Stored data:
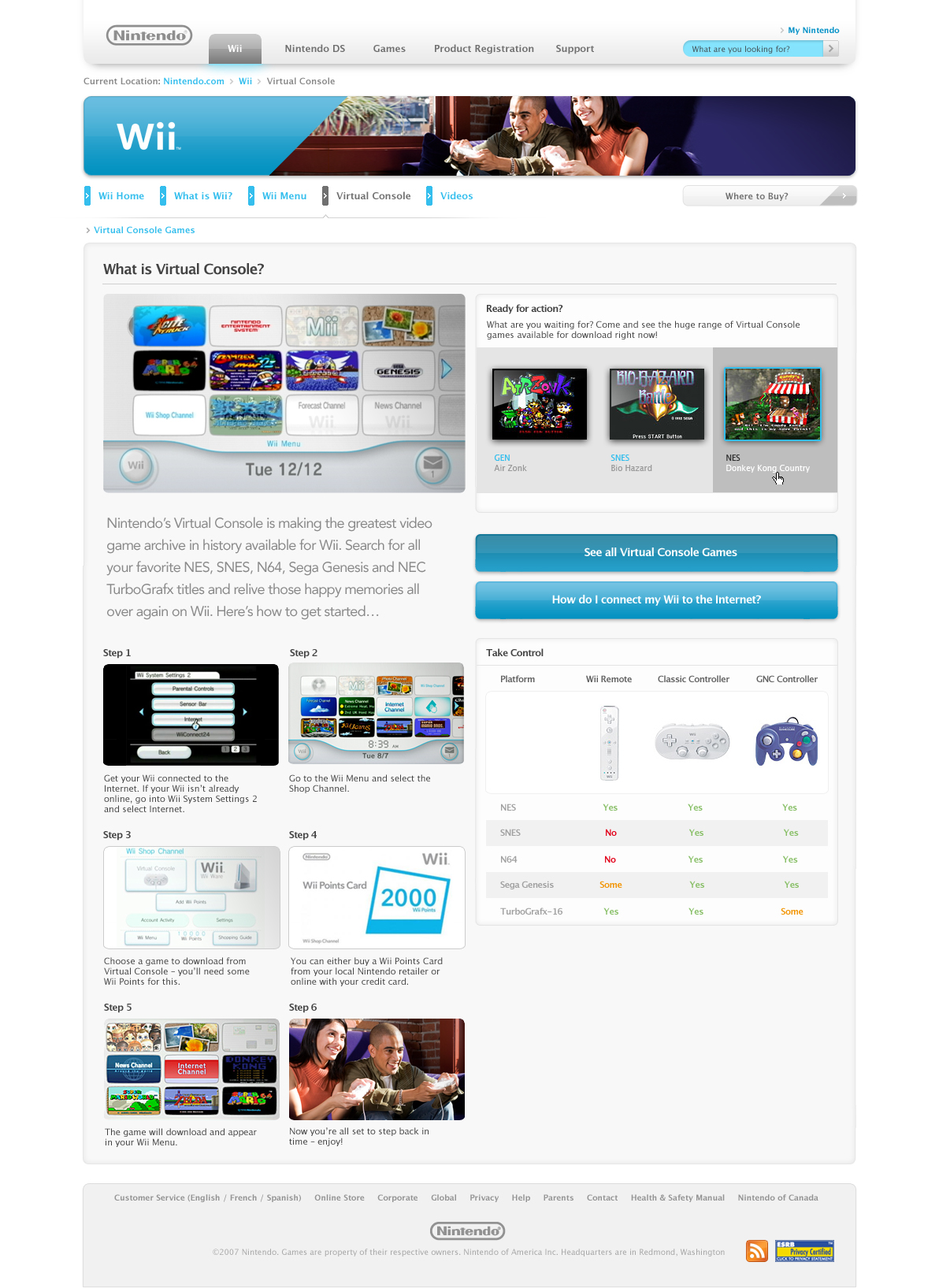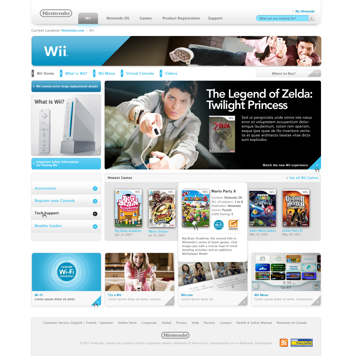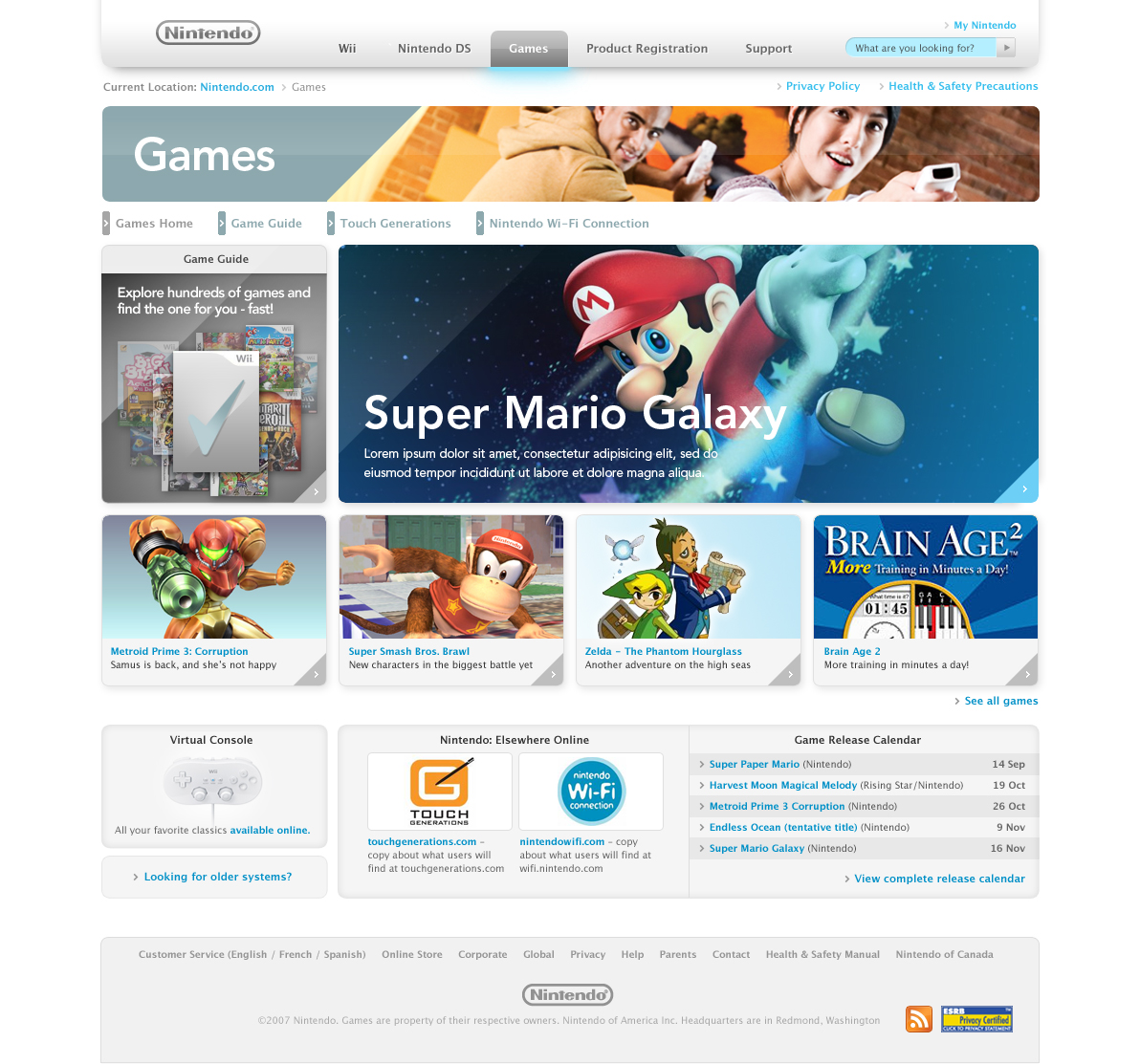 This is the third version of Nintendo’s website for North America. In these designs you’ll notice that the mascots and character’s presence were diminished to promote people’s interaction with the new hardware.
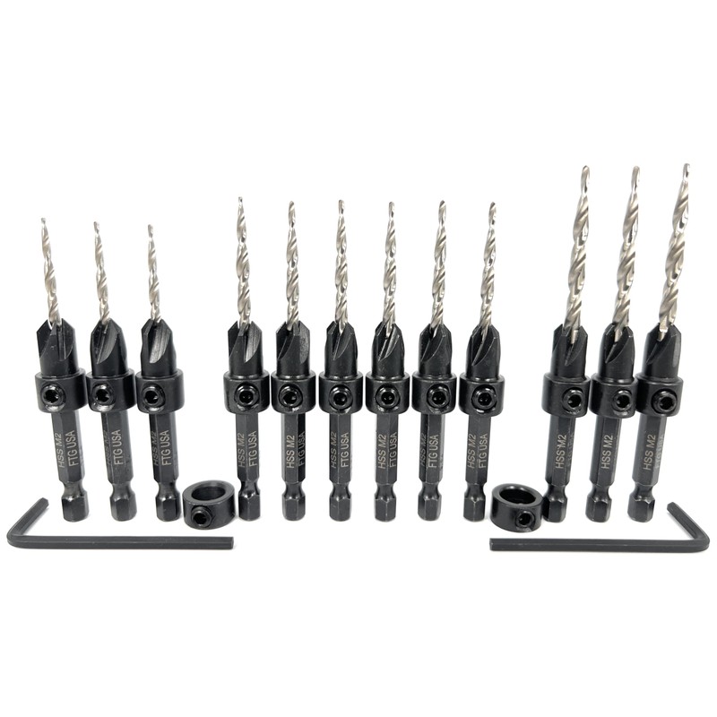 Version 2.0 FTG Maximum Torque countersink drill bits having superior connection drill-hex shank without a pin. 12 Piece Assortment, 3 Pc #4 (7/64"), 6 Pc #6 (9/64"), 3 Pc #8 (11/64") adjustable wood countersink, 2 Hex Wrench, and 2 Depth Stop Collars 3/8". One Dozen Counter Sinker drill bit set with 2 Hex Wrench and 2 Adjustable Depth Stop Collar. Adjustable Wood Countersink Set feature the best tapered drill bits 3rd Party Tested HSS M2, by far the most popular High-Speed Steel, Grade 6542, confirmed in Certificate of Analysis Report, has superior properties, including high toughness, wear resistance, and good cutting retention. Logo brand is laser printed on each countersink shank making it easier to differentiate this quality brand from others. Counterbore size 3/8", Plug size 3/8". Super sharp, exceptionally durable, easy to use, and built to perform well in both hard and soft woods. Drill, countersink and counterbore in 1 step. Top quality material #45 Carbon Steel adjustable four-cutter counter bore chamfer angle 82-degree, attachment that cuts fast and clears chips quickly for fast, smooth countersinking applications. The counter bore feature attaches flats on shank with 2 hex screws for a secure fit and can be adjusted for controlled pilot hole depth providing a clean finish for more polished final products. This product is designed, assembled and packaged in Bloomfield, New Jersey by Fair Trade Group USA LLC and professionally manufactured in China at FTG USA specifications. Packaging set combination/design protected by US Copyright Office.
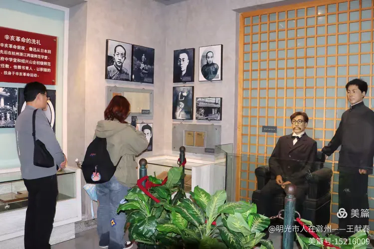 辛亥革命展区,墙上挂着革命者的肖像,展柜里陈列着泛黄的文件与旧物。一位女士正用手机拍照,一位讲解员站在蜡像旁讲述往事。我看着那位穿西装的蜡像,忽然觉得,那个时代的人,也都曾像我们一样,年轻、热血、满怀理想。
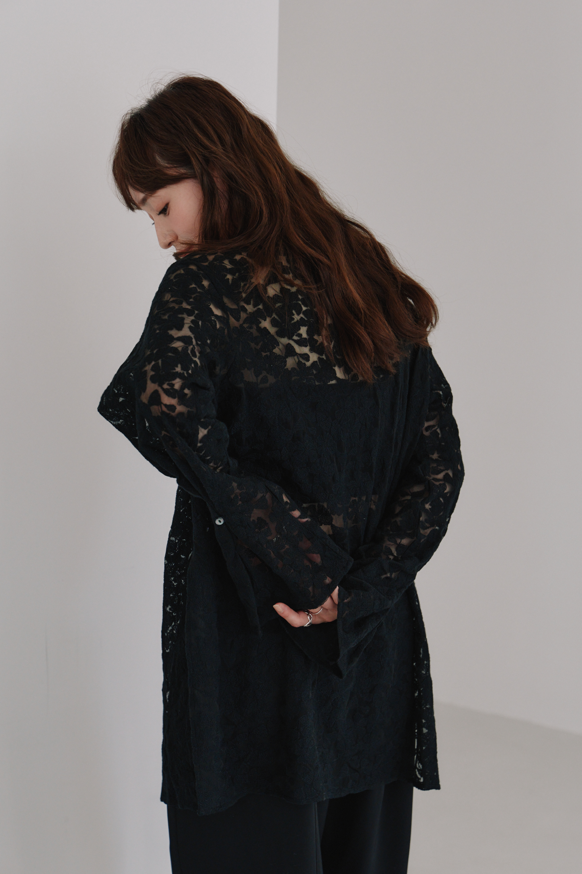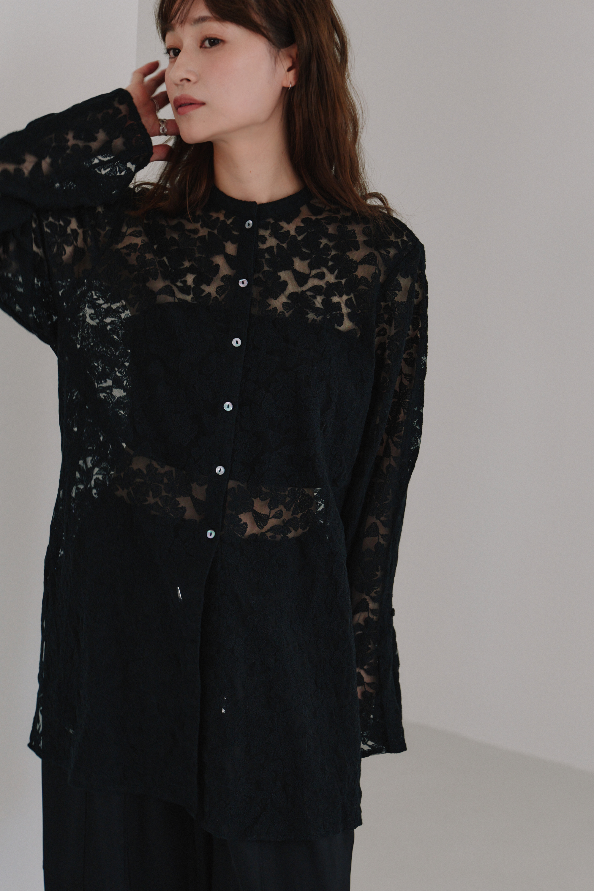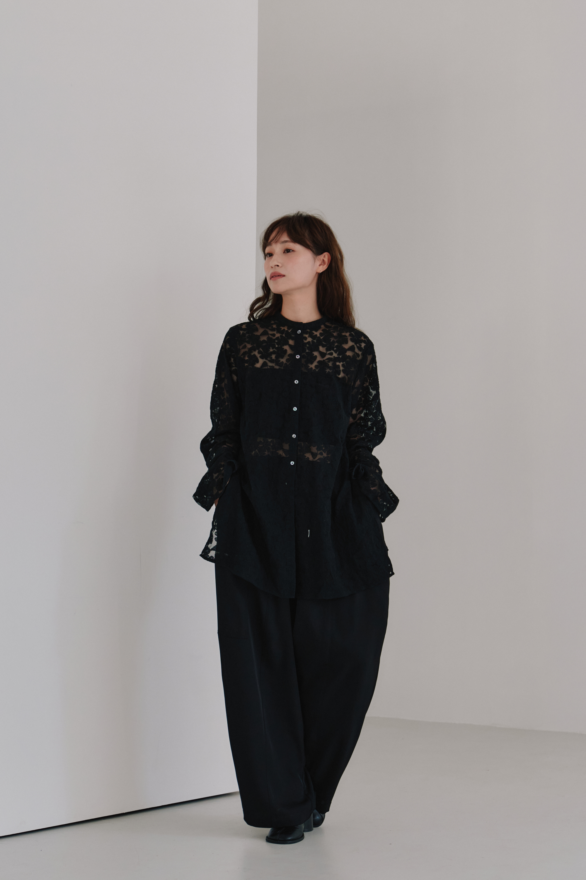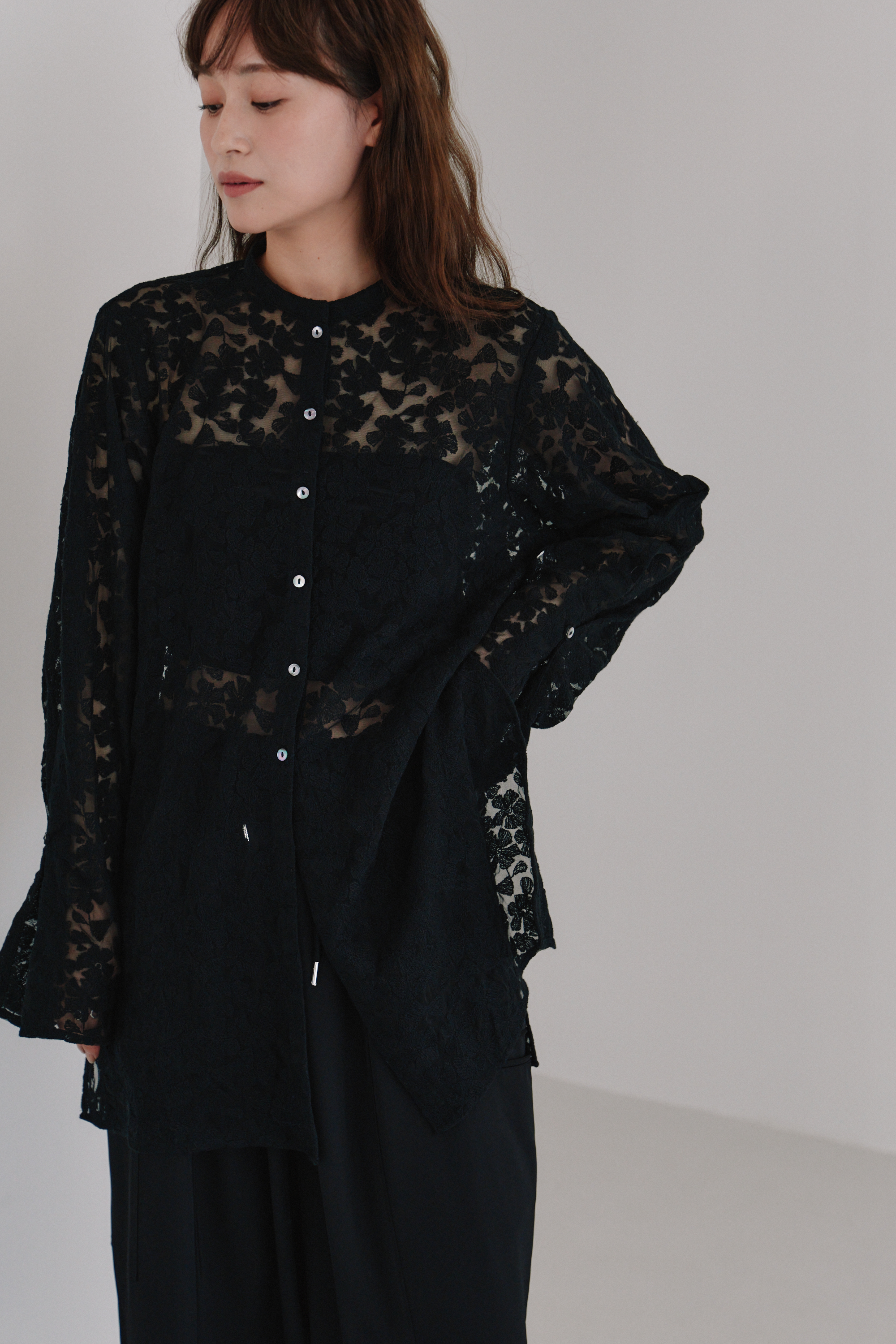 hella ブラックラスト1点 ttulle embroidery shirt h253-14
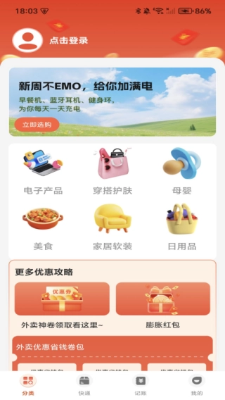 1、分类购物板块里,除了丰富的商品分类外,还为用户准备了外卖神券、膨胀红包等优惠攻略,助力用户享受更实惠的购物体验。
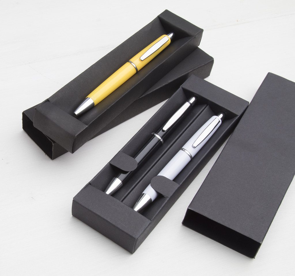Fekete karton tolldoboz, egy toll tárolásához.
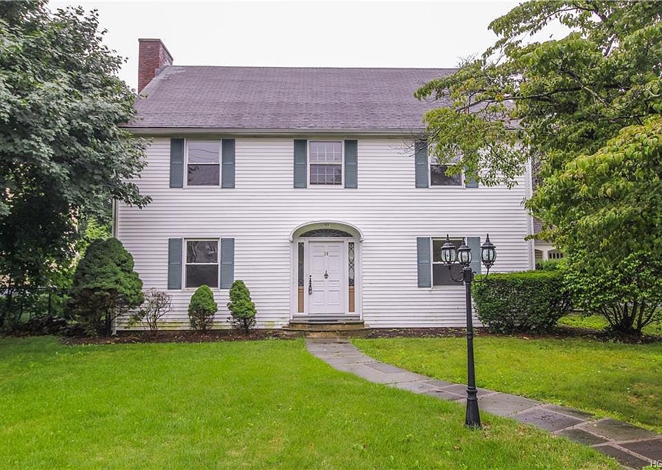 Run don't walk to see this charming center hall colonial with hard wood floors throughout. Gracious foyer, Spacious sun drenched living room with wood burning fire place. French Glass doors that lead into a sunroom. Modern Eat-in kitchen with a sub zero, viking stove. Large dining room with lots of windows. powder room on the first floor. 2nd floor 3 bedroom, 2 full baths, a 4th bed, family room or a private office with a separate entrance. This wonderful spacious home offers excellent light and is a corner property with a 2 car attached garage. There is also a huge walk up attic and a large unfinished basement with laundry room. The house needs updating but great layout!
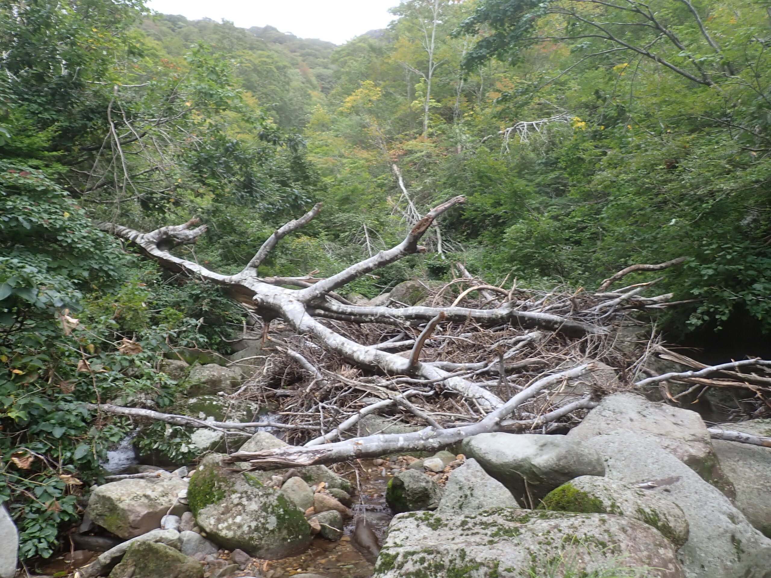 途中、倒木が大量に堆積している場所を通過野に苦労する。今年は雪が多かったので雪崩で木が薙ぎ倒されたのだろうか。
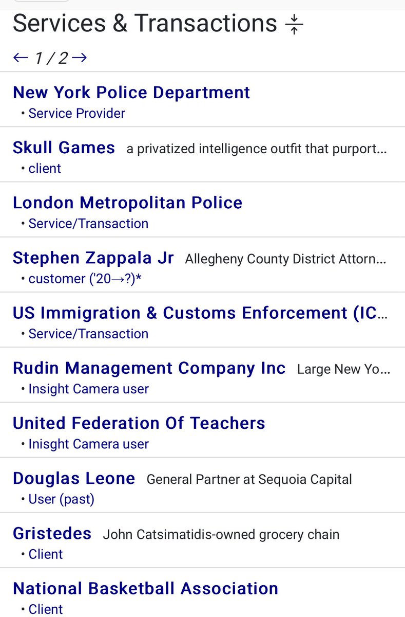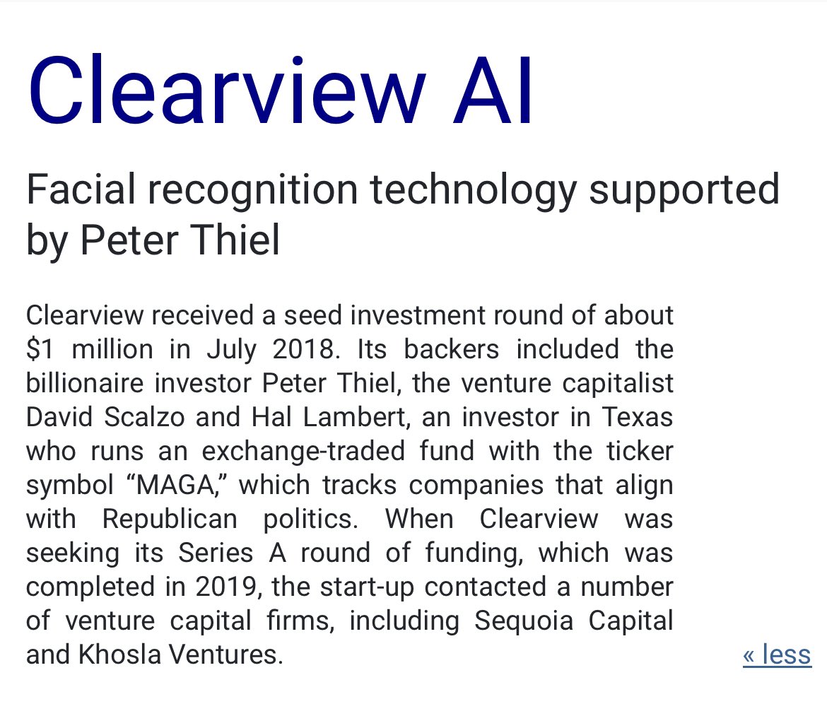 Thiel is also an investor of ClearAI, a facial recognition technology company. ClearAI’s client list includes; NYPD, London Metropolitan Police, ICE, United Federation of Teachers, @NBA, @Kohls, @Macys, and @BestBuy to name a few. https://littlesis.org/org/368882-Clearview_AI

Activity:
What is needed is the exact run of lines from the start of the data through the line with "1、分类购物板块里,除了丰富", both ends included, minus the pictures.

Answer:
 This is the third version of Nintendo’s website for North America. In these designs you’ll notice that the mascots and character’s presence were diminished to promote people’s interaction with the new hardware.
 Version 2.0 FTG Maximum Torque countersink drill bits having superior connection drill-hex shank without a pin. 12 Piece Assortment, 3 Pc #4 (7/64"), 6 Pc #6 (9/64"), 3 Pc #8 (11/64") adjustable wood countersink, 2 Hex Wrench, and 2 Depth Stop Collars 3/8". One Dozen Counter Sinker drill bit set with 2 Hex Wrench and 2 Adjustable Depth Stop Collar. Adjustable Wood Countersink Set feature the best tapered drill bits 3rd Party Tested HSS M2, by far the most popular High-Speed Steel, Grade 6542, confirmed in Certificate of Analysis Report, has superior properties, including high toughness, wear resistance, and good cutting retention. Logo brand is laser printed on each countersink shank making it easier to differentiate this quality brand from others. Counterbore size 3/8", Plug size 3/8". Super sharp, exceptionally durable, easy to use, and built to perform well in both hard and soft woods. Drill, countersink and counterbore in 1 step. Top quality material #45 Carbon Steel adjustable four-cutter counter bore chamfer angle 82-degree, attachment that cuts fast and clears chips quickly for fast, smooth countersinking applications. The counter bore feature attaches flats on shank with 2 hex screws for a secure fit and can be adjusted for controlled pilot hole depth providing a clean finish for more polished final products. This product is designed, assembled and packaged in Bloomfield, New Jersey by Fair Trade Group USA LLC and professionally manufactured in China at FTG USA specifications. Packaging set combination/design protected by US Copyright Office.
 辛亥革命展区,墙上挂着革命者的肖像,展柜里陈列着泛黄的文件与旧物。一位女士正用手机拍照,一位讲解员站在蜡像旁讲述往事。我看着那位穿西装的蜡像,忽然觉得,那个时代的人,也都曾像我们一样,年轻、热血、满怀理想。
 hella ブラックラスト1点 ttulle embroidery shirt h253-14
 1、分类购物板块里,除了丰富的商品分类外,还为用户准备了外卖神券、膨胀红包等优惠攻略,助力用户享受更实惠的购物体验。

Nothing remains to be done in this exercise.